FAQ ABOUT COVID-19

BY Dr. Sanjiva Wijesinha

With Sri Lanka slowly recovering from its fourth wave of COVID-19, I have grown accustomed to being accosted by friends, acquaintances and patients who begin their conversation with: ‘What I still can’t understand about this whole pandemic business is…’

To answer some commonly asked questions about COVID-19 and SARS-CoV-2, let me summarise the basic facts about this disease and the virus that causes it.

Coronaviruses are a type of virus that can infect human beings. There are many types of coronavirus; and some viruses that belong to this large family of pathogens are responsible for causing the common cold and influenza among other diseases.

COVID-19 refers to a virulent type of coronavirus in this group and is a virus that can cause very serious illness if it manages to enter your system – especially the lungs. It spreads easily from an infected person to close contacts; and if the virus travels down your airways into the lungs, it can cause life-threatening damage.

You can contract COVID-19 if someone who already has the virus in their airways coughs or sneezes, or simply by breathing into the air of those pathogens, which you subsequently inhale. Therefore, close contact with someone who has contracted COVID-19 makes you vulnerable to catching the disease from them.

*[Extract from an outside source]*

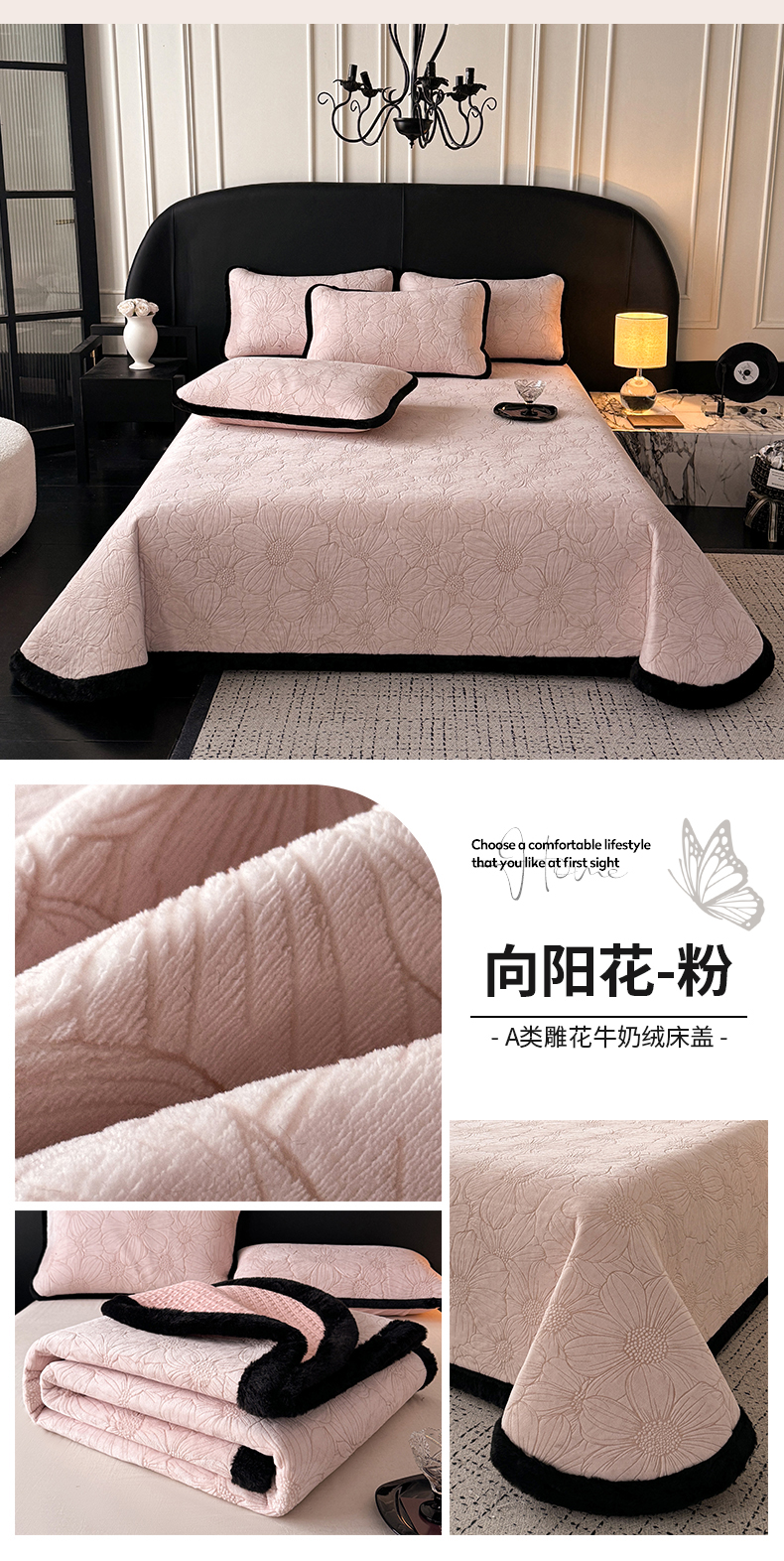 (总)卡罗兰 2025新款加绒加厚牛奶绒床盖,向阳花-粉,向阳花-蓝,向阳花-绿,滕蔓-蓝,滕蔓-咖,滕蔓-粉,滕蔓-灰,灵蝶-粉

Taking two or three doses of COVID-19 vaccines provide protection because the inoculation stimulates your white cells and increases the number of antibodies that fight invading viruses.

These antibodies become programmed so that if the COVID-19 virus manages to enter your throat through the air you inhale, your body’s ‘prepared defences’ can destroy the pathogen before it reaches your lungs and causes harm.

If you’re vaccinated, and maintain a safe distance between yourself and anyone who is infected with COVID-19, it’s very unlikely that the virus will enter your throat and even less likely it’ll reach the lungs.

And if you have been inoculated and still become infected with COVID-19, it is extremely unlikely that the virus will travel far enough along your respiratory tract and have the opportunity to damage your lungs.

Symptoms that a person who becomes ill with COVID-19 exhibits when the virus has invaded their lungs include acute body pains, and the sensation of weakness, fever, severe coughing and breathlessness.

When medics test a person who is suspected of having contracted COVID-19, they use a swab to take a sample from the throat to check if he or she has germs in it.

Such testing can be done either by doing a rapid antigen test (RAT), which produces a result almost immediately but can’t be considered 100 percent accurate, or a PCR (polymerase chain reaction) test that is more accurate but takes at least six hours – or sometimes longer – to deliver a verdict.

If your test comes back negative, you can assume for all practical purposes that there are no COVID-19 germs in your throat.
But keep in mind that even if you’ve tested negative for the COVID-19 virus but feel unwell, you should rest, eat sensibly and take paracetamol or aspirin – particularly if you have a mild fever or headache.